Project: django-pandas

Tools for working with pydata.pandas in your Django projects

Project Details

Latest version
0.6.6
Home Page
https://github.com/chrisdev/django-pandas/
PyPI Page
https://pypi.org/project/django-pandas/

Project Popularity

PageRank
0.002200133394749538
Number of downloads
63339

============== Django Pandas

.. image:: https://github.com/chrisdev/django-pandas/actions/workflows/test.yml/badge.svg :target: https://github.com/chrisdev/django-pandas/actions/workflows/test.yml

.. image:: https://coveralls.io/repos/chrisdev/django-pandas/badge.png?branch=master :target: https://coveralls.io/r/chrisdev/django-pandas

Tools for working with pandas <http://pandas.pydata.org>_ in your Django projects

Contributors

  • Christopher Clarke <https://github.com/chrisdev>_
  • Bertrand Bordage <https://github.com/BertrandBordage>_
  • Guillaume Thomas <https://github.com/gtnx>_
  • Parbhat Puri <https://parbhatpuri.com/>_
  • Fredrik Burman (coachHIPPO) <https://www.coachhippo.com>_
  • Safe Hammad <http://safehammad.com>_
  • Jeff Sternber <https://www.linkedin.com/in/jeffsternberg>_
  • @MiddleFork <https://github.com/MiddleFork>_
  • Daniel Andrlik <https://github.com/andrlik>_
  • Kevin Abbot <https://github.com/kgabbott>_
  • Yousuf Jawwad <https://github.com/ysfjwd>_
  • @henhuy <https://github.com/henhuy>_
  • Hélio Meira Lins <https://github.com/meiralins>_
  • @utpyngo <https://github.com/utpyngo>_
  • Anthony Monthe <https://github.com/ZuluPro>_
  • Vincent Toupet <https://github.com/vtoupet>_
  • Anton Ian Sipos <https://github.com/aisipos>_
  • Thomas Grainger <https://github.com/graingert/>_

What's New

Version 0.6.5 added support for Pandas >= 1.3 and fixes a number of other issues.

Dependencies

django-pandas supports Django_ (>=1.4.5) or later and requires django-model-utils_ (>= 1.4.0) and Pandas_ (>= 0.12.0). Note because of problems with the requires directive of setuptools you probably need to install numpy in your virtualenv before you install this package or if you want to run the test suite ::

pip install numpy
pip install -e .[test]
python runtests.py

Some pandas functionality requires parts of the Scipy stack.
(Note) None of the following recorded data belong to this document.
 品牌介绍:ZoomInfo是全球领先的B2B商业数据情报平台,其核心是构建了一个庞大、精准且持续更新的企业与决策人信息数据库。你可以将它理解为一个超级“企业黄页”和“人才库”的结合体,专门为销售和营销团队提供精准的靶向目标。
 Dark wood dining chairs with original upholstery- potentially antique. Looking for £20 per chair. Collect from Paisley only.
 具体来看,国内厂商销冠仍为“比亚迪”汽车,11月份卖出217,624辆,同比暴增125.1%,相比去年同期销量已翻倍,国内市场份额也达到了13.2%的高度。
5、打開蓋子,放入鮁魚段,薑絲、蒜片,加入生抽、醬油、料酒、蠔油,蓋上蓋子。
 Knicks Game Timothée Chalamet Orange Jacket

You may wish to consult http://www.scipy.org/install.html for more information on installing the Scipy stack.

You need to install your preferred version of Django. as that Django 2 does not support Python 2.

.. _Django: http://djangoproject.com/ .. _django-model-utils: http://pypi.python.org/pypi/django-model-utils .. _Pandas: http://pandas.pydata.org

Contributing

Please file bugs and send pull requests to the GitHub repository_ and issue tracker_.
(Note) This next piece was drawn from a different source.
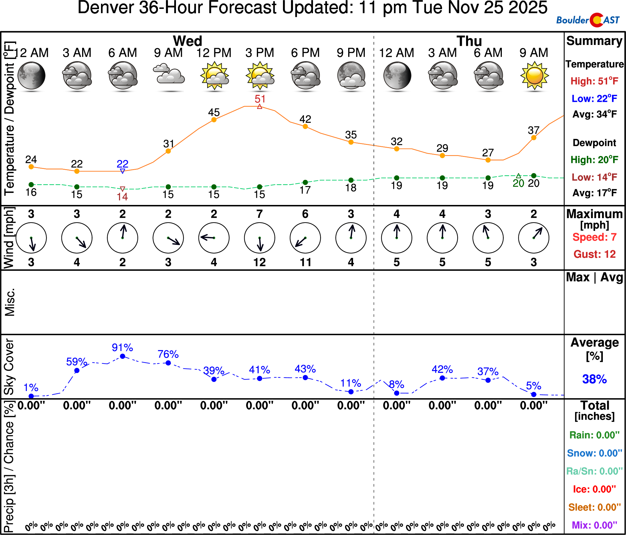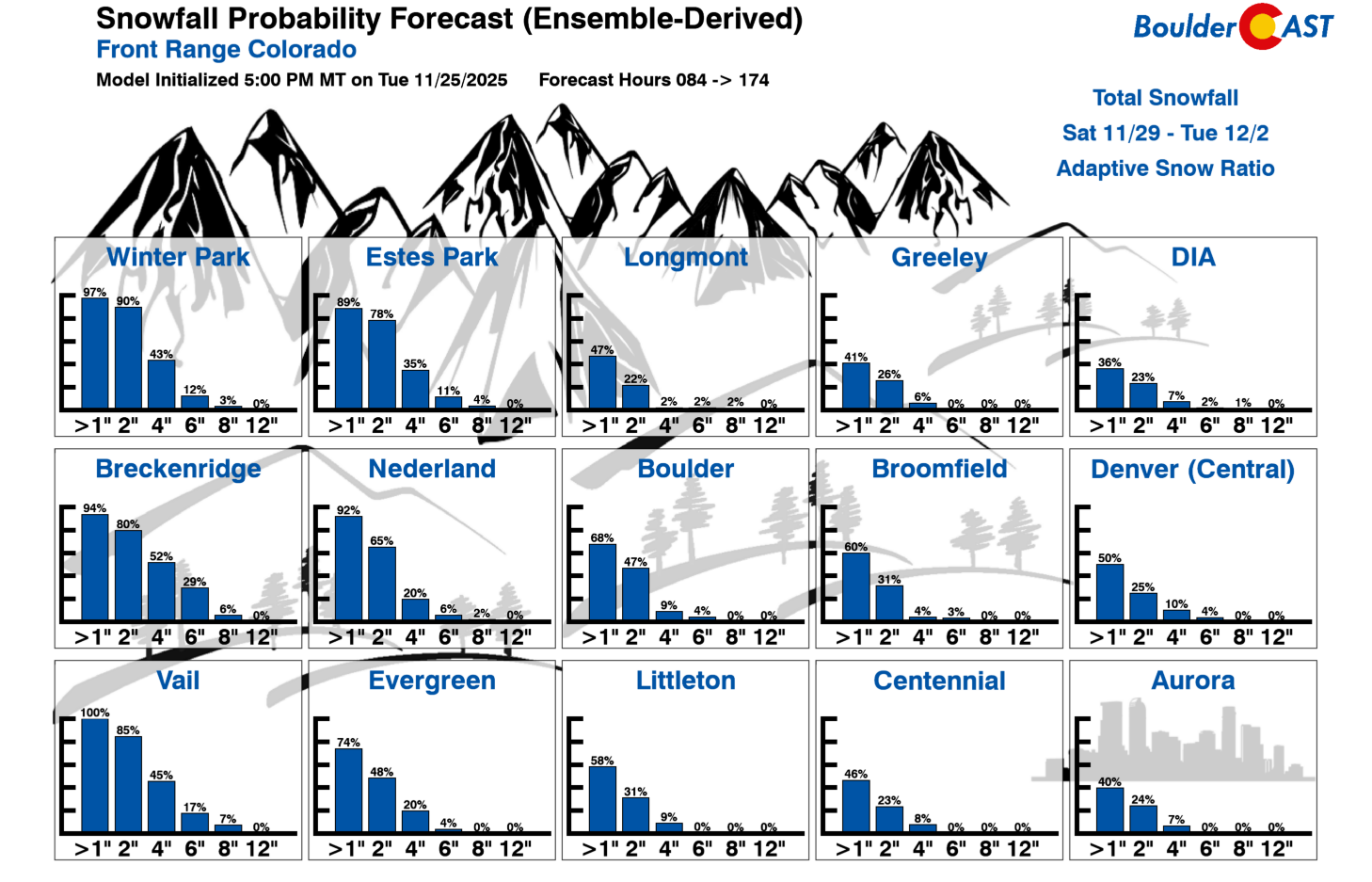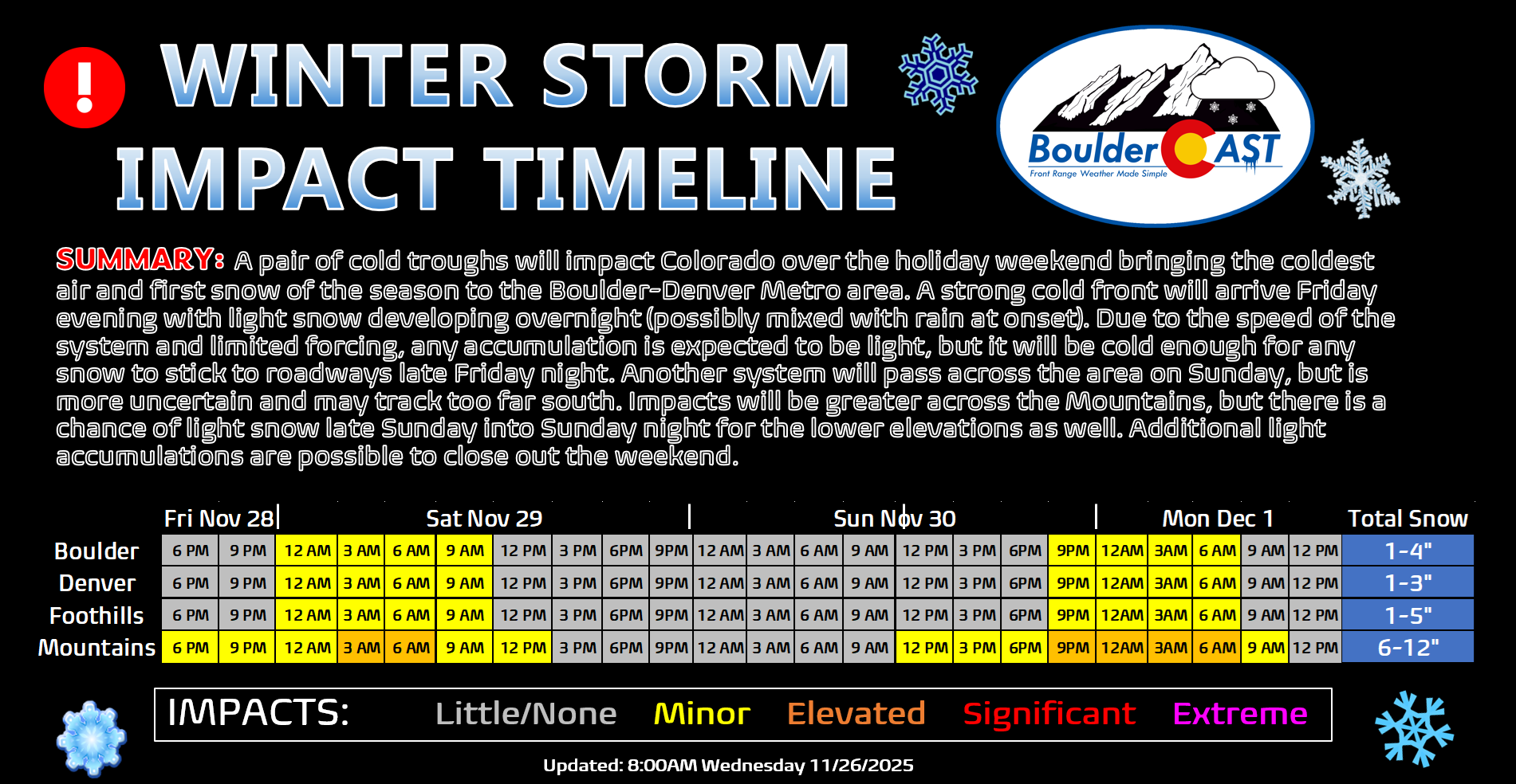 - Snow Chances: Two weak storm systems (Fri night–Sat and Sun) likely will deliver Boulder’s first measurable snow in 223+ days; light accumulations for the Metro (1-4″), but 6-12″ in the Mountains with slick travel on passes.

.. _GitHub repository: https://github.com/chrisdev/django-pandas/ .. _issue tracker: https://github.com/chrisdev/django-pandas/issues

Installation

Start by creating a new virtualenv for your project ::

mkvirtualenv myproject

Next install numpy and pandas and optionally scipy ::

pip install numpy
pip install pandas

You may want to consult the scipy documentation_ for more information on installing the Scipy stack.
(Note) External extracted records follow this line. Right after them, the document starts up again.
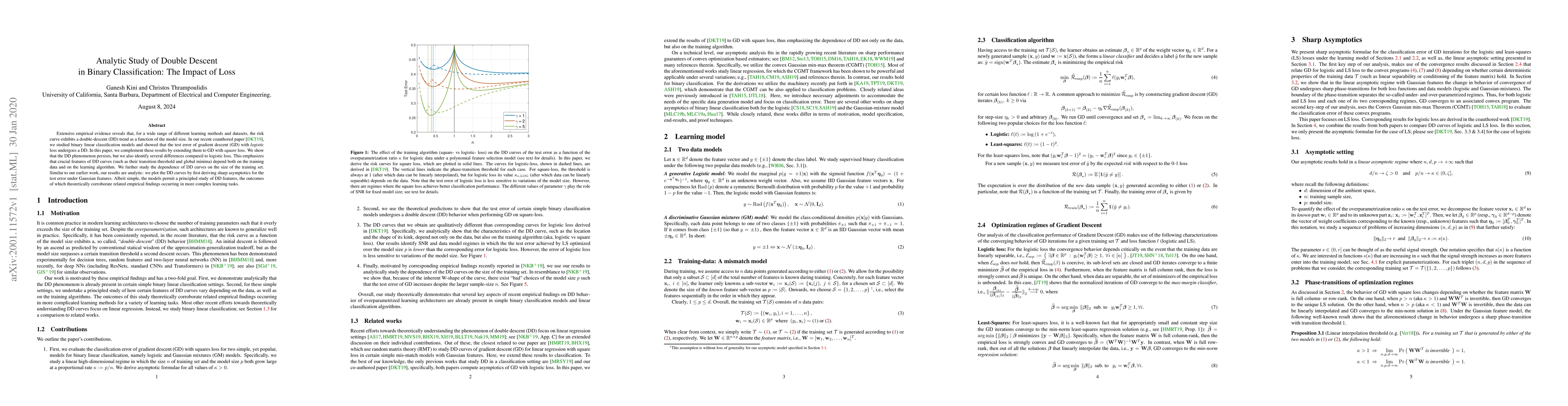 Extensive empirical evidence reveals that, for a wide range of different learning methods and datasets, the risk curve exhibits a double-descent (DD) trend as a function of the model size. In a recent paper [Zeyu,Kammoun,Thrampoulidis,2019] the authors studied binary linear classification models and showed that the test error of gradient descent (GD) with logistic loss undergoes a DD. In this paper, we complement these results by extending them to GD with square loss. We show that the DD phenomenon persists, but we also identify several differences compared to logistic loss. This emphasizes that crucial features of DD curves (such as their transition threshold and global minima) depend both on the training data and on the learning algorithm. We further study the dependence of DD curves on the size of the training set. Similar to our earlier work, our results are analytic: we plot the DD curves by first deriving sharp asymptotics for the test error under Gaussian features. Albeit simple, the models permit a principled study of DD features, the outcomes of which theoretically corroborate related empirical findings occurring in more complex learning tasks.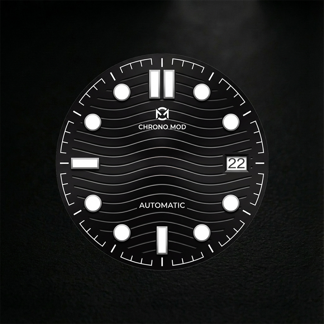 El Esfera Ondulada es la firma definitoria del Oceanmaster: una superficie refinada y esculpida inspirada en las corrientes oceánicas cambiantes. Su patrón de ondas tridimensional capta la luz desde todos los ángulos, creando un juego dinámico de sombras y reflejos que da vida a la esfera.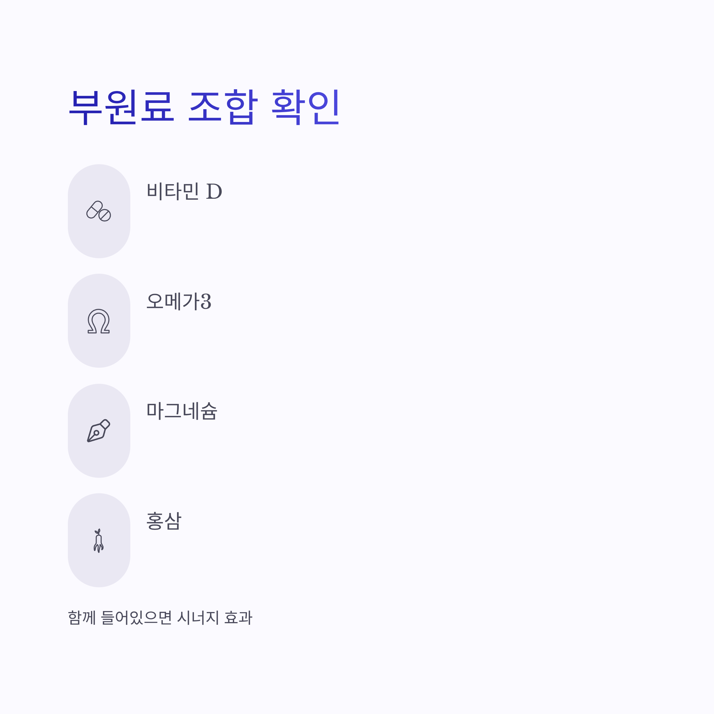 비타민 D, 오메가3, 마그네슘, 홍삼 등이 함께 들어 있으면 시너지 효과를 얻을 수 있습니다.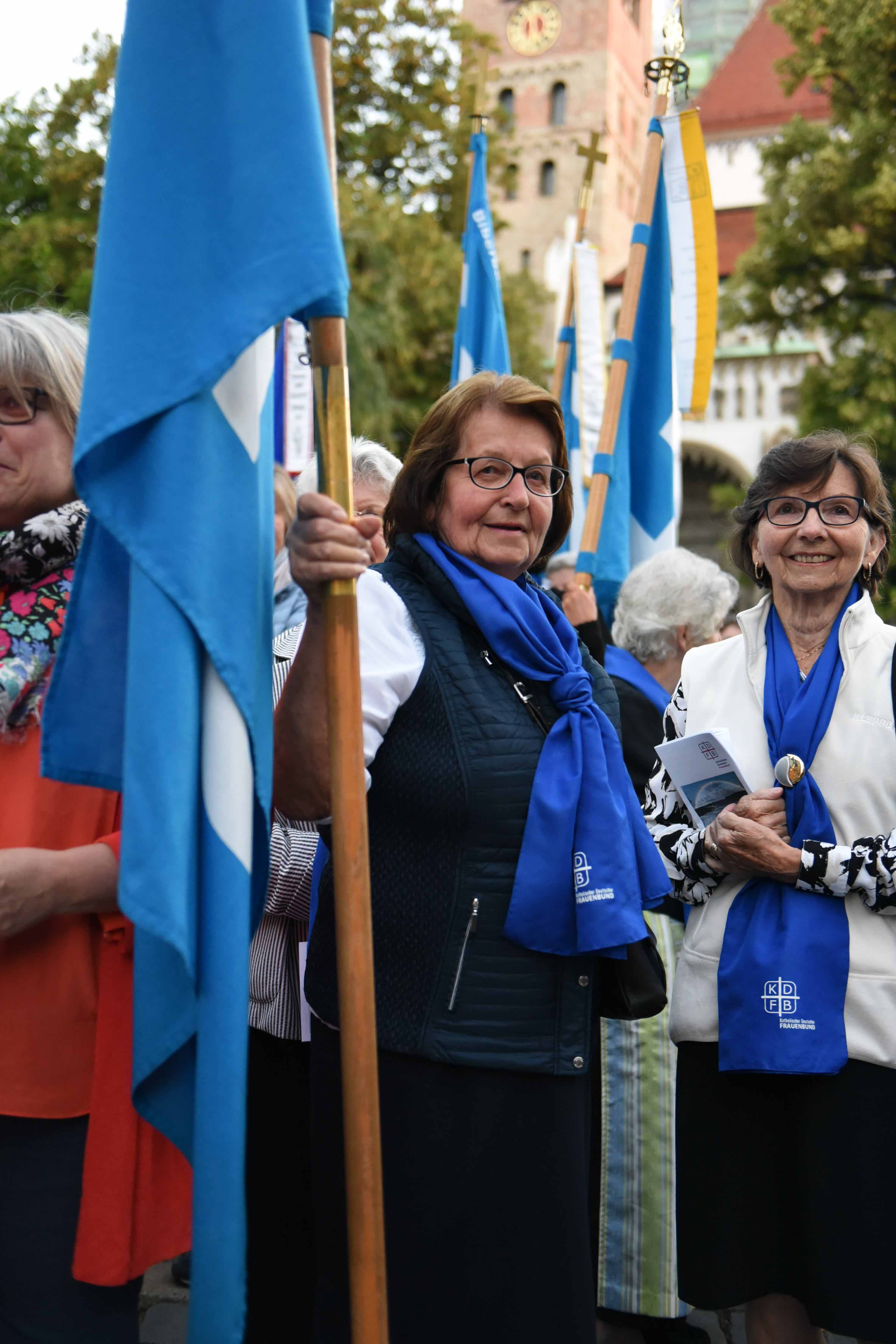 Augsburg (pba). Traditionell am Mittwoch in der Ulrichswoche pilgern die Frauen in den frühen Morgenstunden zum Grab des Bistumspatrons. So auch heute: Begleitet von Weihbischof Florian setzte sich der Pilgerzug mit rund vierhundert Frauen ausgehend vom Dom über die Maxstraße bis hin zur Basilika St. Ulrich und Afra in Bewegung. Neben dem Wegkreuz, das den Wallfahrerinnen vorausging, umsäumten auch zahlreiche blaue und weiße Fahnen den Pilgerzug. Sie wurden von den Frauen aus den teilnehmenden Zweigvereinen des Katholischen Deutschen Frauenbunds im Bistum Augsburg (KDFB) getragen.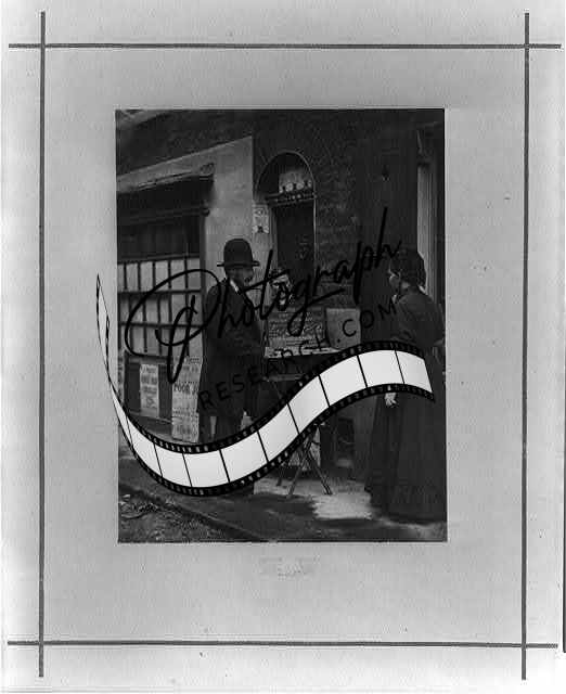 Street doctor,man selling cough lozenges,2 women on sidewalk,outside,1877-1878

.. _scipy documentation: http://www.scipy.org/install.html

Finally, install django-pandas using pip::

pip install django-pandas

or install the development version from github ::

pip install https://github.com/chrisdev/django-pandas/tarball/master

Usage

IO Module

The django-pandas.io module provides some convenience methods to facilitate the creation of DataFrames from Django QuerySets.

read_frame ^^^^^^^^^^^

Parameters

- qs: A Django QuerySet.

- fieldnames: A list of model field names to use in creating the ``DataFrame``.
              You can span a relationship in the usual Django way
              by using  double underscores to specify a related field
              in another model

- index_col: Use specify the field name to use  for the ``DataFrame`` index.
             If the index
             field is not in the field list it will be appended

- coerce_float : Boolean, defaults to True
                 Attempt to convert values to non-string,
                 non-numeric objects (like decimal.Decimal)
                 to floating point.

- verbose:  If  this is ``True`` then populate the DataFrame with the
            human readable versions of any foreign key or choice fields
            else use the actual values set in the model.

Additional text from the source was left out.